7:10 am on Dec 6, 2002 (gmt 0)

WebmasterWorld Senior Member 10+ Year Member



Search engines requesting invisible.html directly is not really a very big problem...

# Rewrite requests for visible.html to invisible.html, [L] flag forces mod_rewrite exit
RewriteRule ^visible\.html$ /invisible.html [L]
# Respond to any direct http request for invisible.html with 403-Forbidden
RewriteRule ^invisible\.html$ - [F]

-or-
RewriteRule ^invisible\.html$ - [G] 

-or-
RewriteRule ^invisible\.html$ /visible.html [R=301,L]

As long as the rules are in the order shown, the first rule has an [L] flag, and your site never makes any http (URL-based) requests for invisible.html, this will block or redirect the unexpected requests. That is, your on-site scripts can access invisible.html by file pathname, but not by http URL. You can add qualifiers to the secondary rule to allow restricted http accesses and add blocks for SE UAs and IPs if you really need to lock it down.

Publicly-accessible server log files, unintentionally-published links, and visits to your own sites' "secret" pages with the Google Toolbar Advanced Features enabled are the most likely explanations. If there is no link, then excepting a Google Toolbar PR check, Google can't find it. If they do find it because of one of the above accidents, just rename the file to nonvisible.hmtl, change the rewrite rules, and you're good to go again.

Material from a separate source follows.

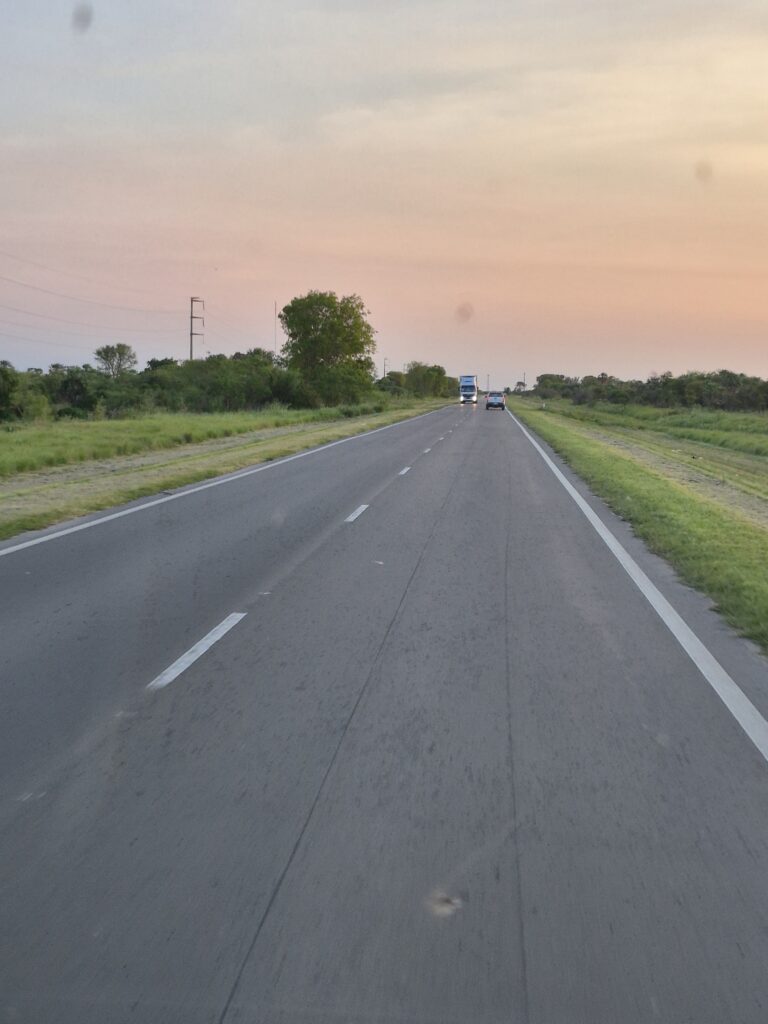 Nous passons les deux premiers jours à rouler. Rien d’intéressant jusqu’à Bahia Blanca, une route rectiligne, de la pampa à perte de vue, des poids lourds, des nids de poule…voilà pourquoi je ne commencerai mon décompte qu’à partir de l’entrée de la Ruta3.

However, if you have visible_1.html through visible_99.html all pointed to invisible.html, then yes, that is duplicate content, and most if not all of them will get a penalty and/or disappear.

Jim

bcc1234

3:45 pm on Dec 6, 2002 (gmt 0)

WebmasterWorld Senior Member 10+ Year Member



If nobody ever requests invisible.html directly then what's the point?
Why not just rename you invisible.html to visible.html and be done with it?